• EXERCISE REQUIREMENTS: When you return the lines below, go from the first through the line with "Постановление о привлечении", keep them exact, and leave out every picture.

[Records drawn from a dataset]
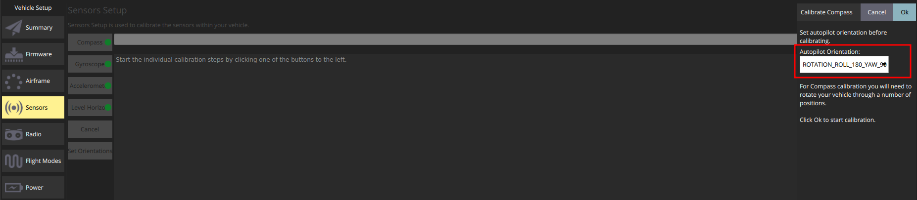 При использовании полетного контроллера COEX Pix перед калибровкой датчиков вам стоит обратить внимание, что в графе Autopilot orientation вы должны выбрать параметр ROTATION_ROLL_180_YAW_90
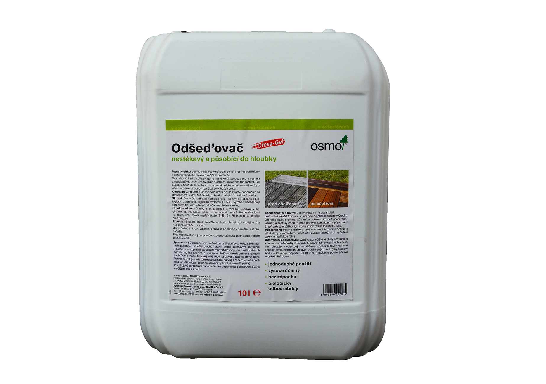 Osmo Odstraňovač šedi ze dřeva – účinný gel je hustý speciální čistící prostředek k oživení a čištění zešedlého dřeva ve vnějších prostorách. Odstraňovač šedi ze dřeva – účinný gel je husté konzistence, a proto nestéká a neodkapává, takže i na svislých plochách ho lze snadno roztírat. Gel působí do hloubky a tím se odstraní šedá patina a následným nánosem oleje se obnoví teplý barevný odstín dřeva.
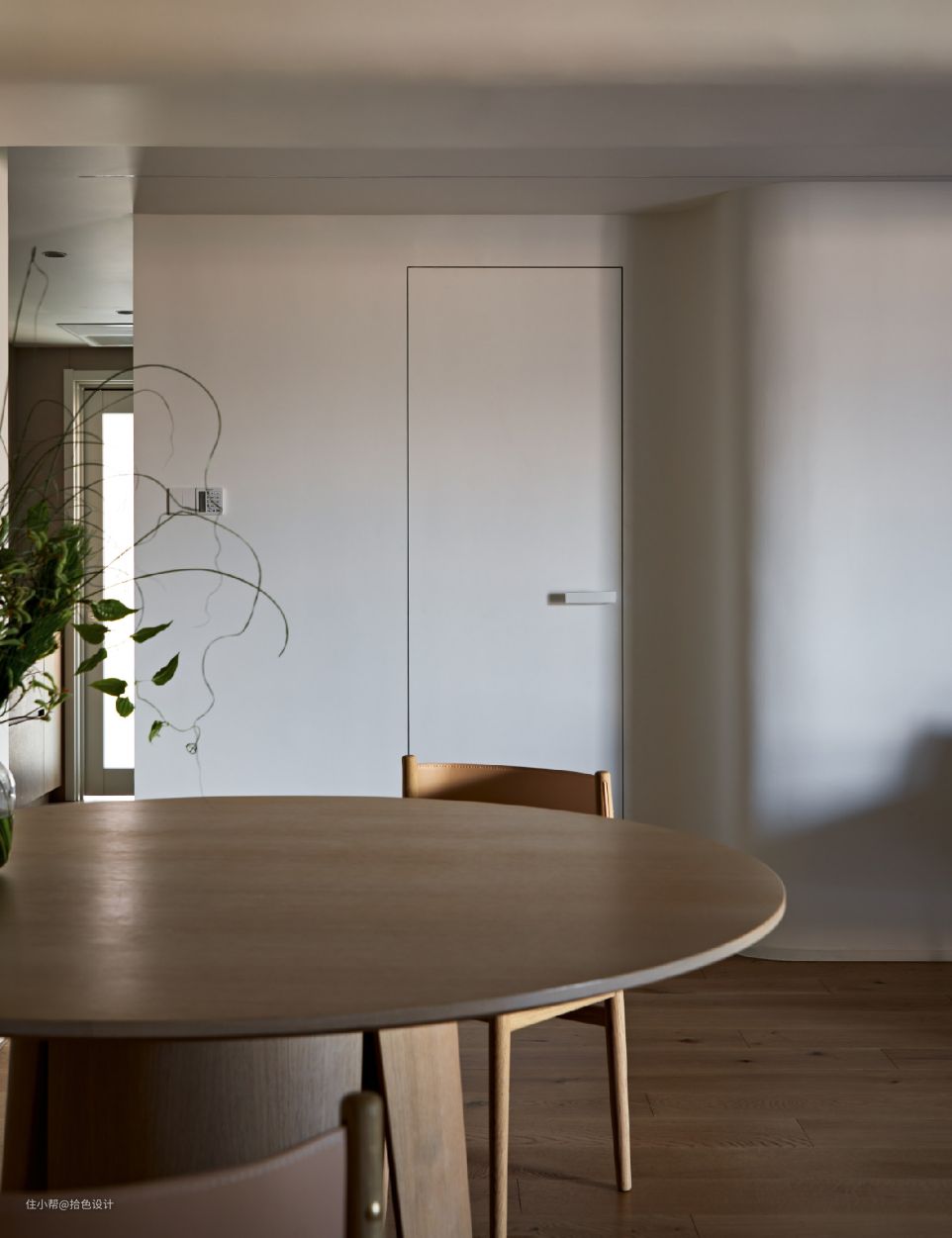 为了强调空间的整体感,旁边的主卧选择了无框隐形门,并在饰面色彩上,尽可能与墙面保持了统一,使其看起来更加秩序美观。
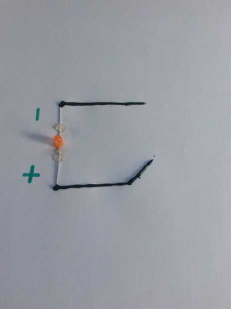 Ahora viene la parte fueron llegar a dibujar el circuito, hacer todo lo que necesitas hacer es pintar sobre el resto del circuito asegurándose de que la pintura toca ambos conduce pero no traslaparse. Traer los dos senderos de pintura cerca uno del otro (aproximadamente 4 a 5 cm de separación). Eligió a un lado de la batería está bien, pero sólo asegúrese de que coloque la batería por el lado positivo hacia arriba en el positivo y negativo del cable negativo. Ahora con la batería en espere que se seque.
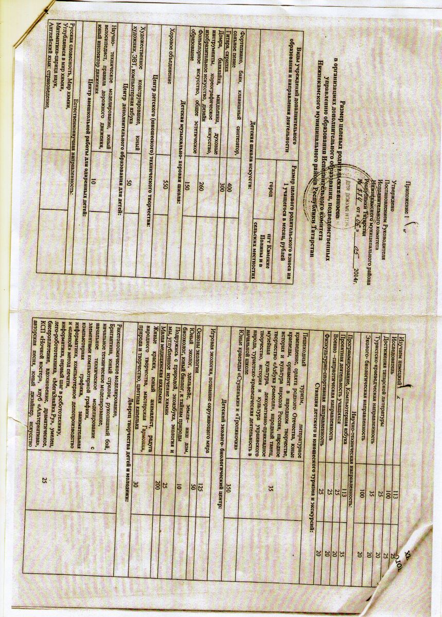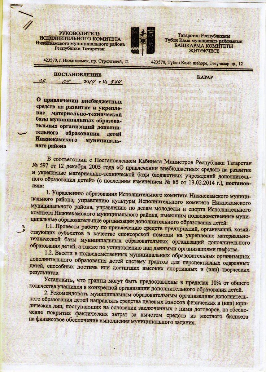 Постановление о привлечении внебюджетных средств на развитие и укрепление материально-технической базы муниципальных образовательных организаций дополнительного образования детей Нижнекамского муниципального района. Постановление №774 от 06.05.2014 года
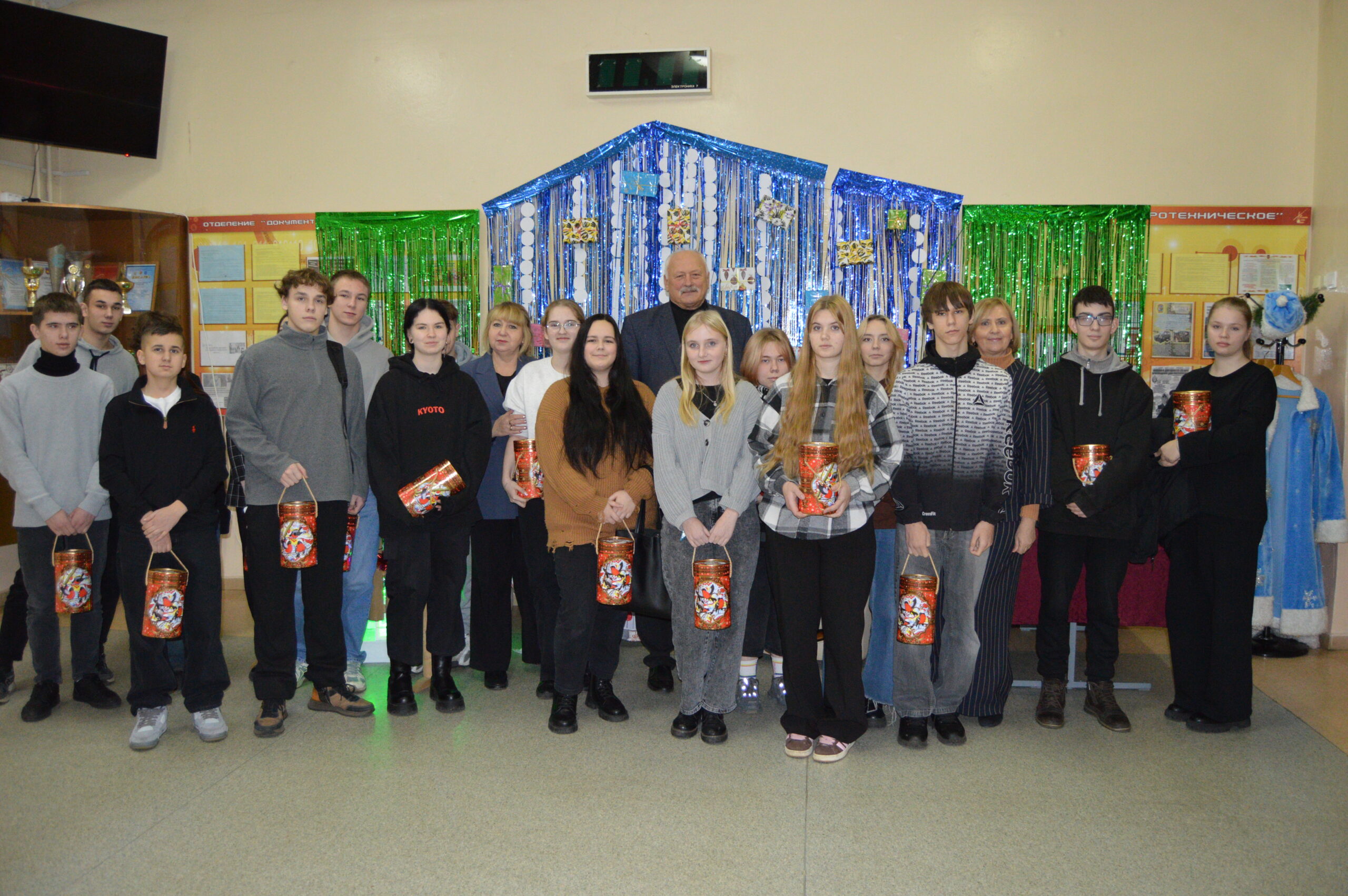 24.12.24 первичная профсоюзная организация учащихся и администрация колледжа организовали поздравление и вручение новогодних подарков детям-сиротам и детям-инвалидам, которые учатся в учебном заведении. Директор колледжа пожелал всем здоровья, успешной сдачи сессии, целеустремленности, исполнения желаний.
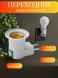 Переходник вилка лампочкам Е27 гибкий с выкл
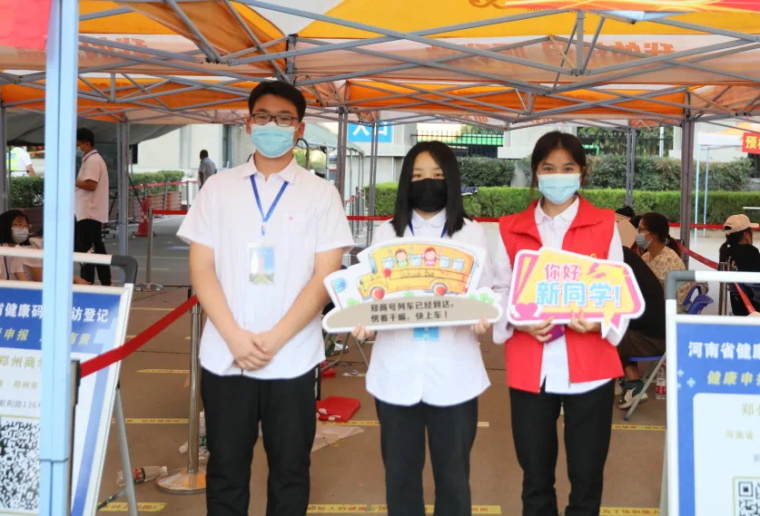 把爱心带给新生,让温暖在郑商传递。21-22日这两天,高铁站、火车站、校门口服务站、校内摆渡车、宿舍楼之间,活跃着上千名身穿“红马甲”的志愿者,他们各司其职,帮助新生搬运行李、引导新生扫码入校、为新生办理入住手续,流动的郑商红是秋日里最美的风景。
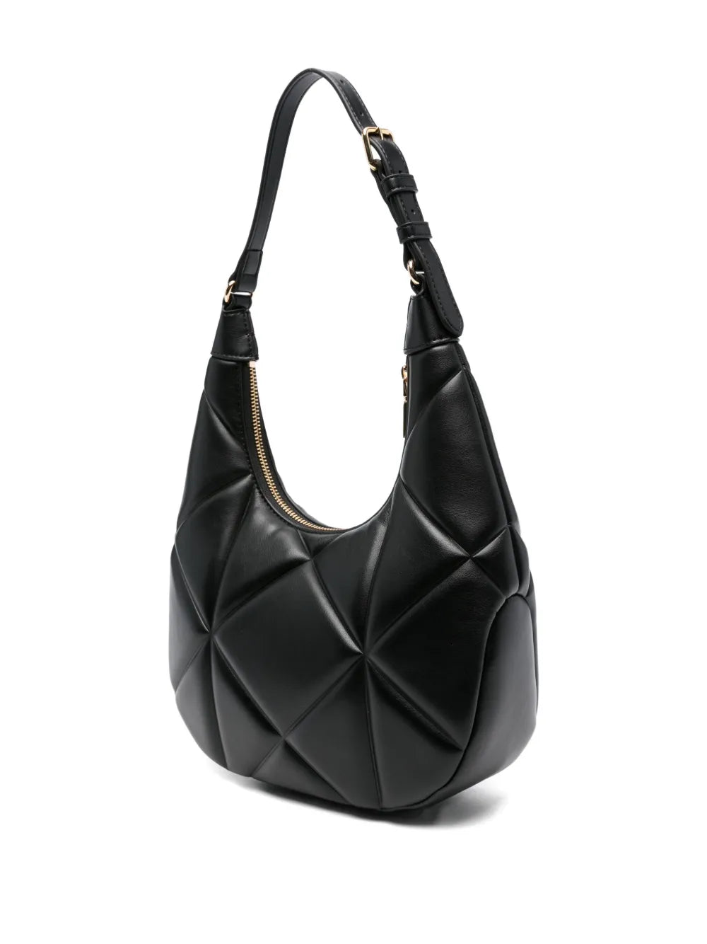 Mala de mão Love Moschino em camel com formato de meia lua, acolchoada com logo metálico à frente, fecho de correr e alça a tiracolo amovível.
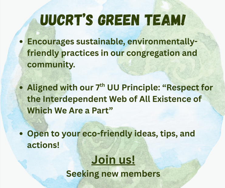 We are proud to announce that we have chosen to take part in the Green Sanctuary 2030 Initiative! You can find out more about this initiative here: https://www.uua.org/environment/green-sanctuary
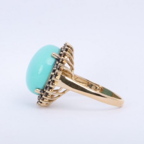 14k Yellow Gold 10.00tcw Coral Cabochon Cocktail Ring Size 8 (9.17g.)
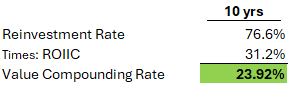 The result? A VCR of 24% annually — which aligns remarkably with the stock’s return of 25.6% per year over the same 10-year period.
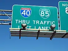 In May 2005, I-85 was redirected southeast around Greensboro along the Greensboro Urban Loop; its old routing through Greensboro became an extension of I-85 Bus, extending it from 29.8 miles (48.0 km) to 43 miles (69 km).[7][8] The extension included a hidden two-mile (3.2 km) concurrency along I-85 (between exits 118–120A) before splitting off again with US 29 and US 70. In merging onto I-40 (exit 219), it continued easterly before meeting back with I-85 (exit 227) near McLeansville. For a brief period in 2008, I-40 was also decommissioned through Greensboro and rerouted around the Urban Loop, with its old routing replaced by I-40 Bus, but its former in-town route was eventually restored, resulting once again in a regular and business Interstate sharing the same alignment. In October 2018, I-85 Bus was reverted to its original 29.8-mile (48.0 km) alignment, ending near Jamestown. The justification was to eliminate a redundant route and decrease the number of routing shields and overhead signs through Greensboro.[9][10]

• REPLY:
 При использовании полетного контроллера COEX Pix перед калибровкой датчиков вам стоит обратить внимание, что в графе Autopilot orientation вы должны выбрать параметр ROTATION_ROLL_180_YAW_90
 Osmo Odstraňovač šedi ze dřeva – účinný gel je hustý speciální čistící prostředek k oživení a čištění zešedlého dřeva ve vnějších prostorách. Odstraňovač šedi ze dřeva – účinný gel je husté konzistence, a proto nestéká a neodkapává, takže i na svislých plochách ho lze snadno roztírat. Gel působí do hloubky a tím se odstraní šedá patina a následným nánosem oleje se obnoví teplý barevný odstín dřeva.
 为了强调空间的整体感,旁边的主卧选择了无框隐形门,并在饰面色彩上,尽可能与墙面保持了统一,使其看起来更加秩序美观。
 Ahora viene la parte fueron llegar a dibujar el circuito, hacer todo lo que necesitas hacer es pintar sobre el resto del circuito asegurándose de que la pintura toca ambos conduce pero no traslaparse. Traer los dos senderos de pintura cerca uno del otro (aproximadamente 4 a 5 cm de separación). Eligió a un lado de la batería está bien, pero sólo asegúrese de que coloque la batería por el lado positivo hacia arriba en el positivo y negativo del cable negativo. Ahora con la batería en espere que se seque.
 Постановление о привлечении внебюджетных средств на развитие и укрепление материально-технической базы муниципальных образовательных организаций дополнительного образования детей Нижнекамского муниципального района. Постановление №774 от 06.05.2014 года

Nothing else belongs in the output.